In vitro degradation and biocompatibility evaluation of fully biobased thermoplastic elastomers consisting of poly(β-myrcene) and poly(l-lactide) as stent coating

Abstract Currently coronary stent coating materials focus on biodegradable polymers requiring excellent performances, including biodegradability, cytocompatibility and hemocompatibility as well as ductility.
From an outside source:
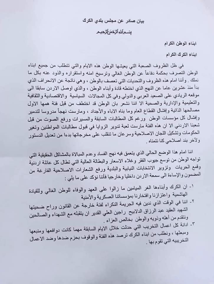 وفيما شدد البيان على ان ابناء الكرك "ما زالوا على العهد والوفاء للوطن وللقيادة الهاشمية واعتزازنا وافتخارنا بمؤسساتنا العسكرية والأمنية ويدين جريمة اغتيال الشهيد العقيد عبد الرزاق الدلابيح التي نفذتها فئة خارجة عن القانون ويدين اعممال التتخريب والتكسير فان يطالب بتغيير نهج الفساد الذي مارسته الحكومات والمتنفذين ومحاسبتهم واسترجاع ما تم نهبه من مقدرات الوطن وأراضي الدولة وذلك اسوة بدول العالم التي تحاسب وتحاكم الفاسدين

To endow poly( l -lactide) (PLLA) with good ductility as stent coating, two kinds of high branched PLLA grafted copolymers with introduction of biobased poly(β-myrcene) rubber segments were developed towards sent coating. The impacts of topological architectures (including linear comb and star comb) on physical properties, hydrolytic and enzymatic degradation behaviors, cytocompatibility, hemocompatibility and coating morphology were investigated. It was found that the nonbiodegradable poly(β-myrcene) rubber segments delayed the degradation rate, and further decreased with more complex architectures. Proteinase K accelerated enzymatic degradation compared with hydrolytic degradation. Biocompatibility testing showed that the fully biobased thermoplastic elastomers possessed good cytocompatibility and hemocompatibility. Morphological characterization of stent coatings indicated that the linear comb and star comb PLLA grafted copolymers improved the surface smooth of pure PLLA coating. Thus, these highly branched fully biobased thermoplastic elastomers are promising to as potential coating materials in drug eluting stent.